Ханна навещала меня раз в неделю — по распоряжению Рихарда или по привычке, не знаю. Именно у нее я попросила, тщательно выговаривая слова:
— Ich brauche ein Knäuel, um einen Schal zu stricken. [1]
Она, знавшая о болячках всех и каждого в вверенном ее профессионализму батальоне, долго и заразительно смеялась, колыхаясь всем телом.
— Фройляйн давно говорит по-немецки?
— Учится три месяца, — неуверенно подсчитала я и нескладно добавила: — И это секрет.
— Что фройляйн учится?
— Что фройляйн хочет вязать шарф.
Секрет раскрылся уже через день, когда я набрала из раздобытой Ханной шерсти первые сантиметров десять. Меня сгубила самоуверенность и любовь к камину. Неожиданно явившийся после обеда Рихард застал меня за вязанием в малой гостиной.
— Кто позволил тебе иметь при себе продолговатые острые предметы?
— Никто. Пронесла под платьем мимо охраны, — с вызовом ответила я, краснея.
— И что это будет?
— Шарф.
— Март на излете, Kleine.
— Русская весна коварней русских партизан. Хочешь снова глотать разведенную соду?
Он с улыбкой покачал головой и шагнул ко мне. Нагнувшись, взял, как раньше, лицо в ладонь, внимательно глядя в глаза. Ласково погладил пальцем по щеке, придвигаясь ближе.
— У меня в руках острые спицы, штурмбаннфюрер… — тихо напомнила я.

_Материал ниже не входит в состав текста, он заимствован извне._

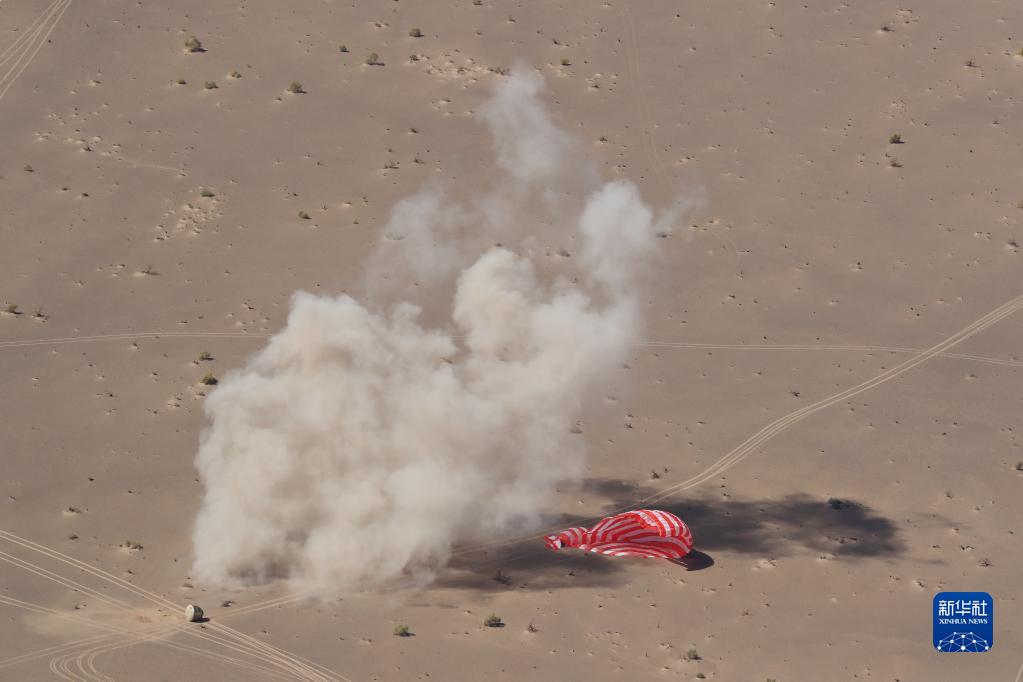 神舟十二号载人飞船返回舱反推火箭成功点火后,平安降落在东风着陆场预定区域。这是神舟载人飞船首次在东风着陆场着陆。(记者黎云、张汨汨)
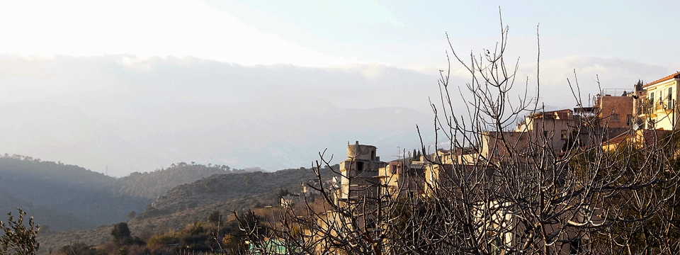 Così mi incammino per queste strade di ciottoli rosati, racchiuse da case di pietra quadrate e senza tetto. Non incontro nessuno, solo il silenzio. Poi urla il vento all’improvviso, una raffica più forte delle altre vuol farsi sentire, ora qualche cane abbaia in lontananza. Tutto è immobile, è come se fossi stata catapultata in un improbabile miscuglio tra una poesia di Montale e un film di Sergio Leone… [le viuzze che seguono i ciglioni, discendono tra i ciuffi delle canne e mettono negli orti, tra gli alberi dei limoni…]
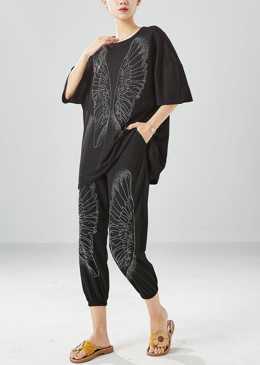 Italian Black Oversized Print Cotton Two Piece Set Women Clothing Summer LY6137
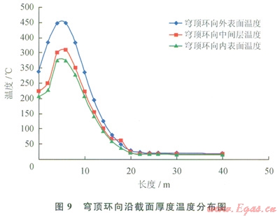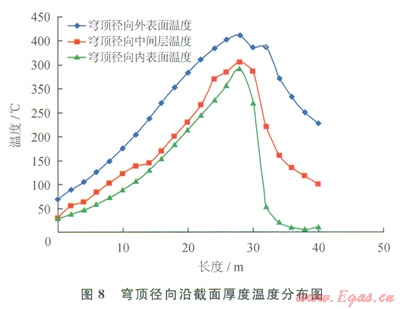 穹頂混凝土的外表面溫度無論是徑向還是環(huán)向,最高溫度均在450℃左右。內外表面溫度相差l00℃左右,將產生較大的溫度應力(圖8、9)。
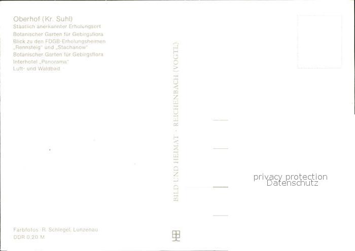 72553662 Oberhof Thueringen botanischer Garten Erholungsheime Rennsteig und Stachanow Interhotel Panorama Freibad postalisch nicht gelaufen Erhaltung siehe scans [LiesaD40] KatCode: 11110016066047
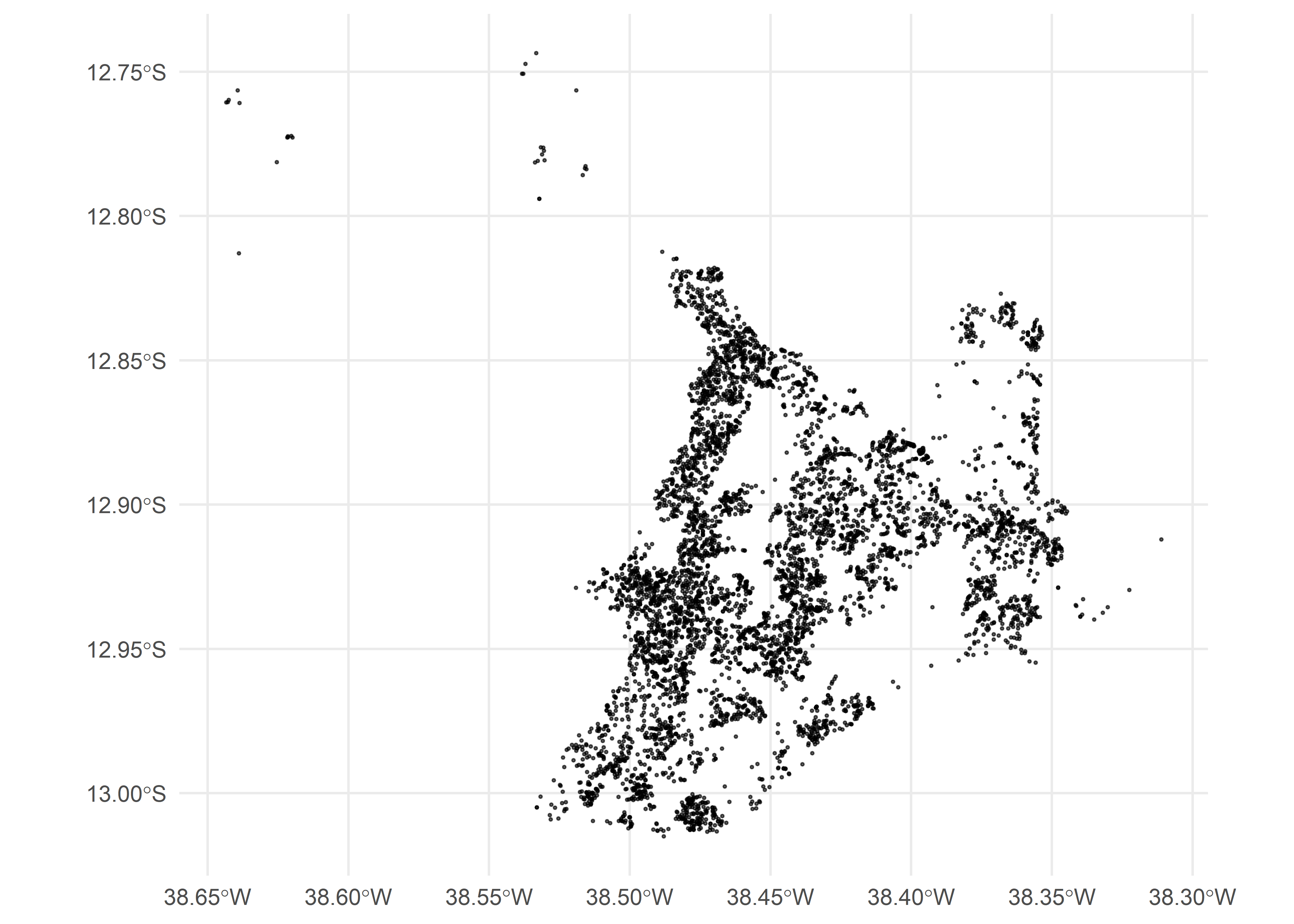 Warning: For large municipalities, CNEFE may contain more than 1 million address points. Plotting all coordinates at once can be slow and memory-intensive, so consider filtering or sampling before creating maps.
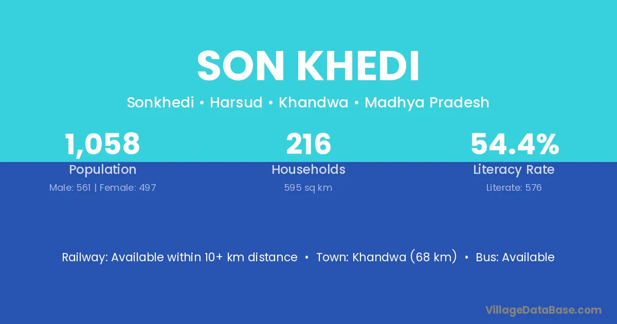 Son Khedi village has a total population of 1,058 people, of which 561 are males and 497 are females.
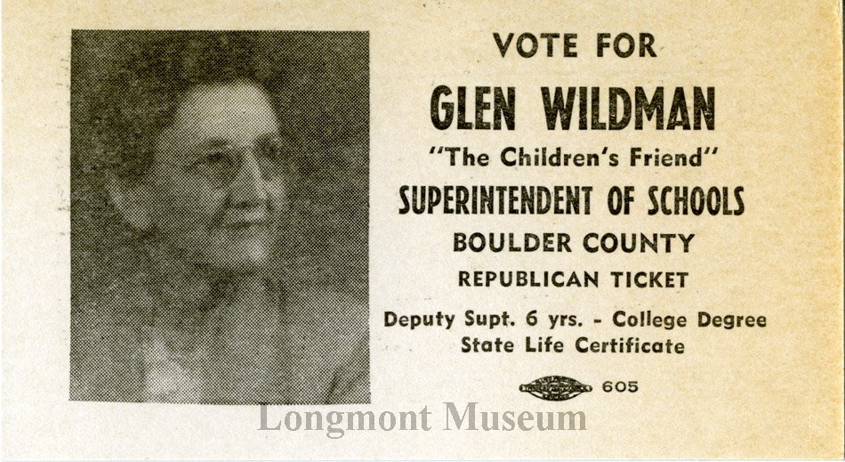 Glenn R Wildman is listed as Boulder County School Superintendant in Polk 1949 and 1953
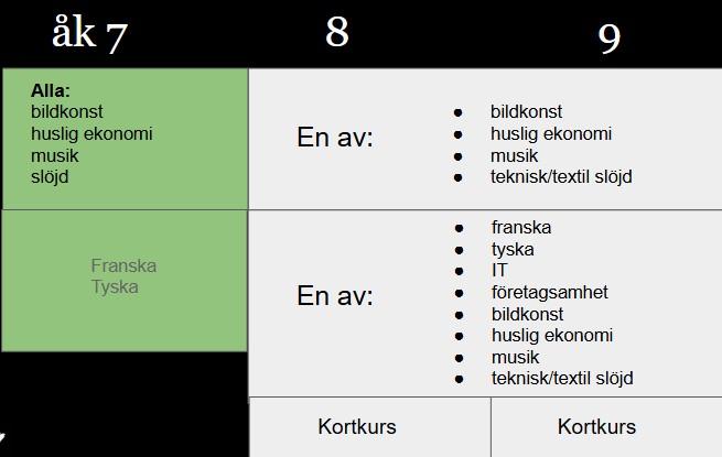 Eleverna väljer två tillvalsämnen, varav minst ett ska vara ett konst- och färdighetsämne. Det andra kan vara franska, tyska (om påbörjat i åk 7), informationsteknik eller företagsamhet.
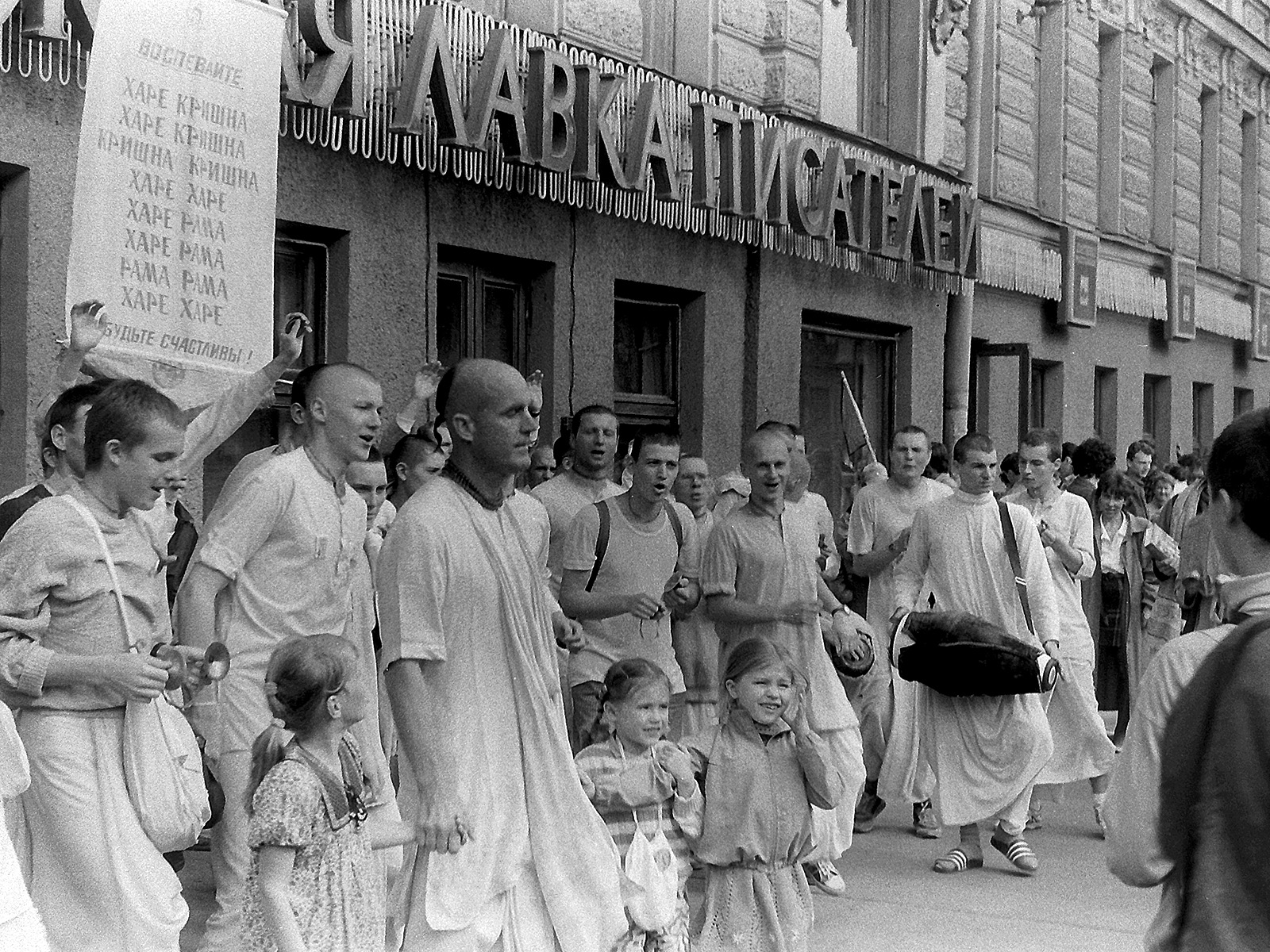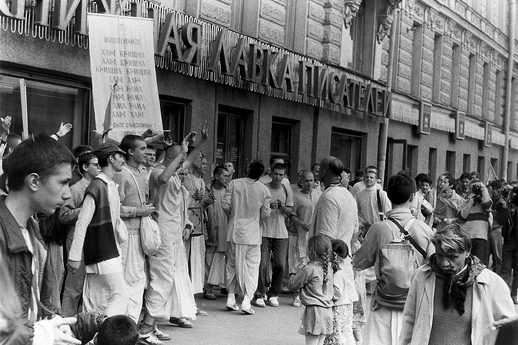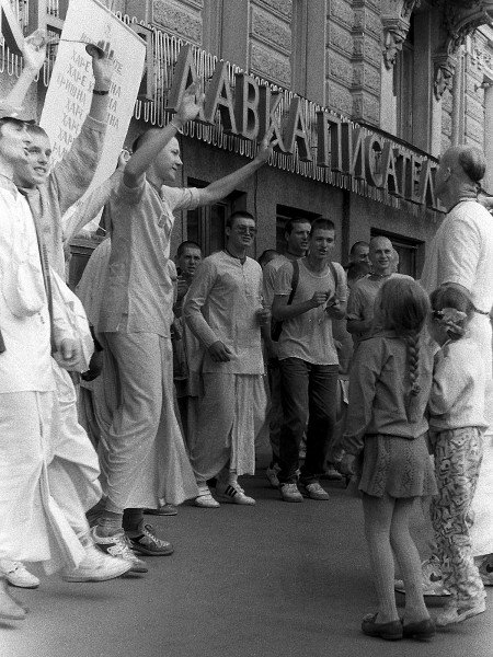 1987 год. Ленинград. Невский проспект, 66. Кришнаиты возле "Книжной лавки писателей".

— И куда ты планируешь их мне воткнуть?
— Дай я ряд довяжу…
— Не дам.
Он поцеловал меня в губы — осторожно, будто и в самом деле ждал, что я воткну в него спицы.
— Можно я тебя поцелую?
— Спрашивать нужно было прежде, че… ммм…
Рихард выпустил меня и негромко рассмеялся. Провел кончиком своего носа мне от переносицы вниз. Я отстранилась и воткнула спицы в клубок, откладывая вязание. Он присел рядом, обнимая меня за плечи. Я просто положила ладонь ему на грудь — и каким-то непостижимо-естественным образом оказалась у него на коленях. Мы целовались, будто не было этих ужасных недель, когда я отчаянно пыталась сделать нас чужими. Будто между нами ничего не было — ничего, что могло бы нас разделить. Даже двойная руна «зиг» на его петлице у меня под пальцами.
— Heil Hitler!
Дверь захлопнулась с каким-то особенным ожесточением. Рихард прижал меня, дернувшуюся как от тока, к груди.
— Heil. Не так резко, Андерль. Что-то срочное? — он аккуратно ссадил меня обратно на диван. Я машинально подобрала вязание. Отчего-то стыдно было поднимать глаза.
— Ты нужен на площади. Машина у крыльца.
— Иду.
— Восхитительная идиллия, — не удержался от колкости Вернер. — А она знает, что ты помолвлен?
Я вздрогнула и замерла, не веря, что правильно поняла это слово.
— Кто тебя просил?.. — прошипел Рихард.
Я подняла взгляд и встретилась им с Андерлем.
— Она что, понимает?.. — он распахнул глаза, стремительно наливаясь краской. Рихард тоже обернулся.
— Маша…
— Вас ждет машина, штурмбаннфюрер… — сказала я, прижала к груди начатый шарф и ушла в спальню, плотно прикрыв за собой дверь.
Примечания:
[1] Мне нужен клубок пряжи. Вязать шарф.